The corruption of human nature is a universal disease. It affects not only a man's heart, will, and conscience, but his mind, memory, and understanding. The very same person who is quick and clever in worldly things, will often utterly fail to comprehend the simplest truths of Christianity. He will often be unable to grasp the plainest reasonings of the Gospel.
In reading the Bible and hearing sermons, everything depends on the spirit in which we read and hear. A humble, teachable, child-like frame of mind is the grand secret of success.
Surely of all sins to which we are liable, self-righteousness is the most unreasonable and unfitting.
The man that does not glory in the Gospel, can surely know little of the plague that is within him.
Thoughts are the parents of words and deeds.
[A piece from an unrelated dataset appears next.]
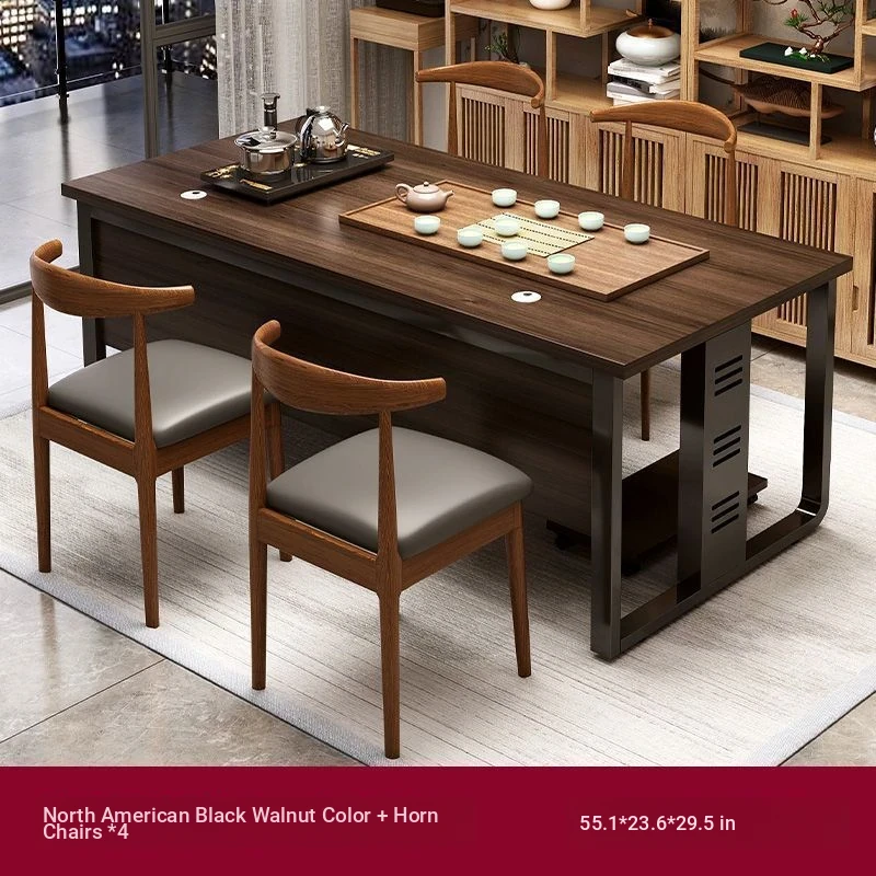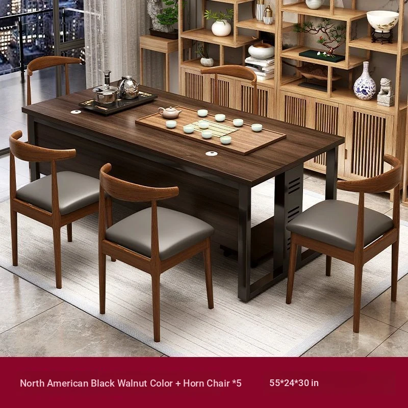 [One Table and Five Chairs] Black Walnut Color 55.12 in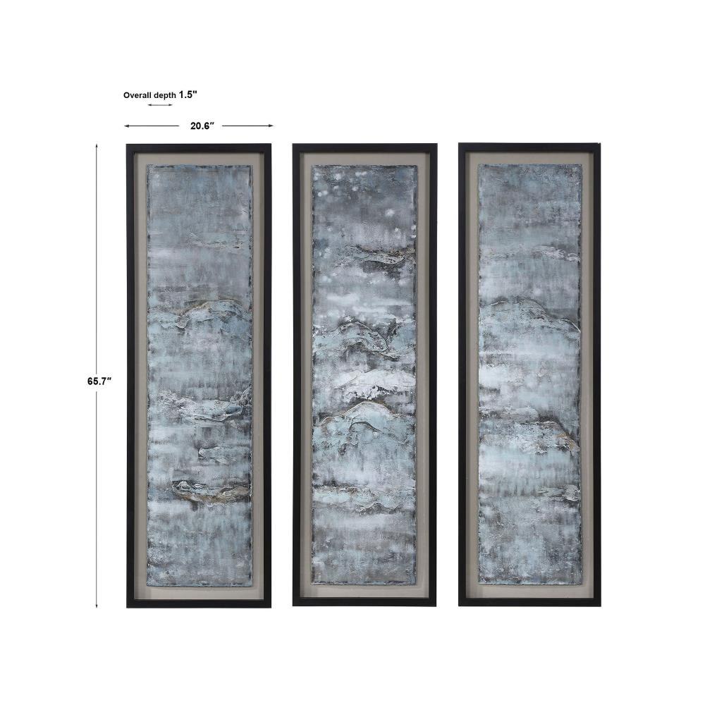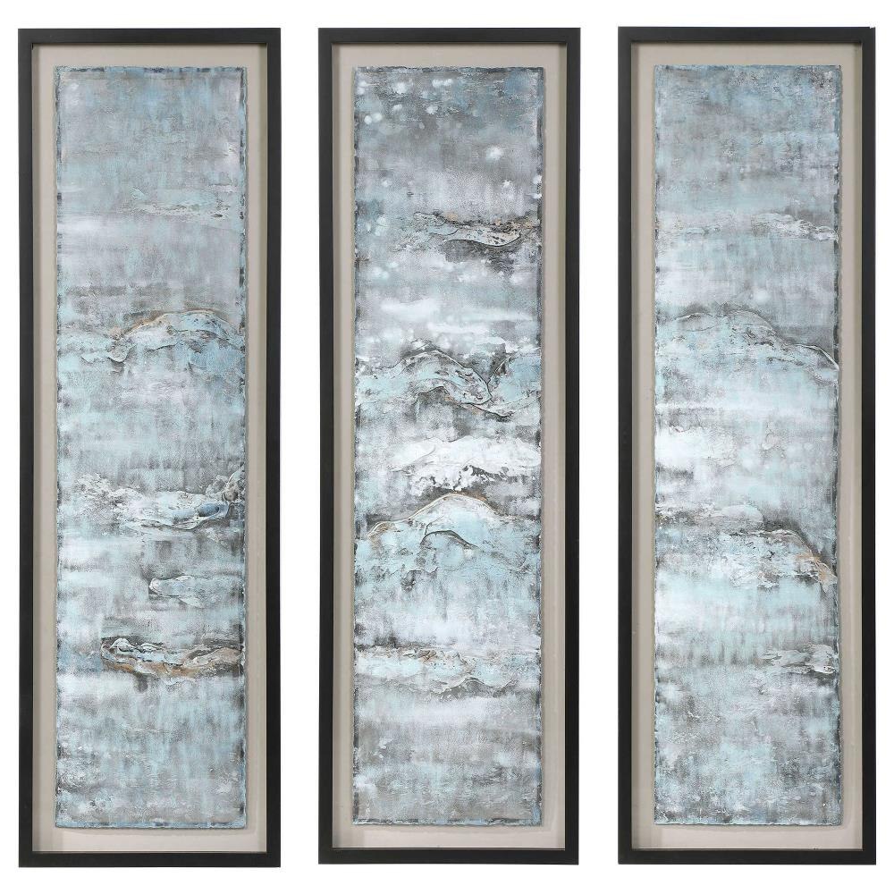 Reminiscent Of Ocean Water, These Metal Sheets Are Hand Painted In Aqua, Gray, Silver And Gold Hues. The Raw Metal Edge Is Softened By Natural Beige Linen Backing And A Matte Black Shadowbox Style Frame Under Glass. Due To The Handcrafted Nature Of This A

Let us name all whom we love before God continually. Let us pray for all — the worst, the hardest, and the most unbelieving. Let us continue praying for them year after year, in spite of their continued unbelief. God's time of mercy may be a distant one. Our eyes may not see an answer to our intercession. The answer may not come for ten, fifteen, or twenty years. It may not come until we have exchanged prayer for praise, and are far away from this world. But while we live, let us pray for others. It is the greatest kindness we can do to any one, to speak for him to our Lord Jesus Christ.
Mark 8
Let us ever beware of measuring the love of Christ by any human measure. He has a special love, beyond doubt, for His own believing people. But He has also a general love of compassion, even for the unthankful and the evil. 
The man who is really converted, will always regard the unconverted with pity and concern.
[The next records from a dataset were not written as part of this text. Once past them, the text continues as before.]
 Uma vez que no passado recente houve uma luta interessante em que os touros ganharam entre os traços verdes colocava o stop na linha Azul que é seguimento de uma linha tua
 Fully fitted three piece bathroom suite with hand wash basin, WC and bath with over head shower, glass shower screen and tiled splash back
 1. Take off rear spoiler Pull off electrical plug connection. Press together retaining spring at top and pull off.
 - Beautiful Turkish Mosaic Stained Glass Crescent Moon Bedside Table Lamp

There are few surer marks of an unconverted heart, than carelessness and indifference about the souls of others.
It is a blessed thought that Jesus, our Master in heaven, despises none of His people. Incredible and blameworthy as their slowness to learn undoubtedly is, His patience never gives way. He goes on teaching them, "line upon line, precept upon precept." Let us do likewise.
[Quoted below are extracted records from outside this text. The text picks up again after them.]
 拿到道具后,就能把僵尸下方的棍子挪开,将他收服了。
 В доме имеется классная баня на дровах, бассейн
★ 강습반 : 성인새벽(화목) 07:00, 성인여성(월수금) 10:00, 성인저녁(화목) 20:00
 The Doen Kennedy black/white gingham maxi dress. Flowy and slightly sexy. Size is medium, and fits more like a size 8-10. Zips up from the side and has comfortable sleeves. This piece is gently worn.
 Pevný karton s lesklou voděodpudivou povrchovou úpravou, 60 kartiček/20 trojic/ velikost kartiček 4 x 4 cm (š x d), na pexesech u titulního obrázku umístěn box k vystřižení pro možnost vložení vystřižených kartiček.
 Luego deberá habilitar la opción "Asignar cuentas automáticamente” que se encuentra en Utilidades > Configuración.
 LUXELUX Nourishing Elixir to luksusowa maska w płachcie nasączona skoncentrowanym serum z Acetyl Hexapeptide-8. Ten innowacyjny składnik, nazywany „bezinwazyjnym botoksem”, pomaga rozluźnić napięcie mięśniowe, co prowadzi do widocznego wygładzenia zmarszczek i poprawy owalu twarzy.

He meant that His death and passion were necessary in order to make atonement for man's sin. Without shedding His blood there could be no remission. Without the sacrifice of His body on the cross, there could be no satisfaction to God's holy law. He "must" suffer to make reconciliation for iniquity. He "must" die, because without His death as a propitiatory offering, sinners could never have life. He "must" suffer, because without His vicarious sufferings, our sins could never be taken away. In a word, He "must" be delivered for our offences, and raised again for our justification. Here is the center truth of the Bible. Let us never forget that. All other truths compared to this are of secondary importance. Whatever views we hold of religious truth, let us see that we have a firm grasp upon the atoning efficacy of Christ's death. Let the truth so often proclaimed by our Lord to His disciples, and so diligently taught by the disciples to the world, be the foundation truth in our Christianity. In life and in death, in health and in sickness, let us lean all our weight on this mighty fact — that though we have sinned, Christ has died for sinners — and that though we deserve nothing, Christ has suffered on the cross for us, and by that suffering purchased heaven for all who believe in Him.
A religion which costs nothing, is worth nothing. It will do us no good in the life that now is. It will lead to no salvation in the life to come.
Of all unprofitable and foolish bargains that man can make, the worst is that of giving up his soul's salvation for the sake of this present world.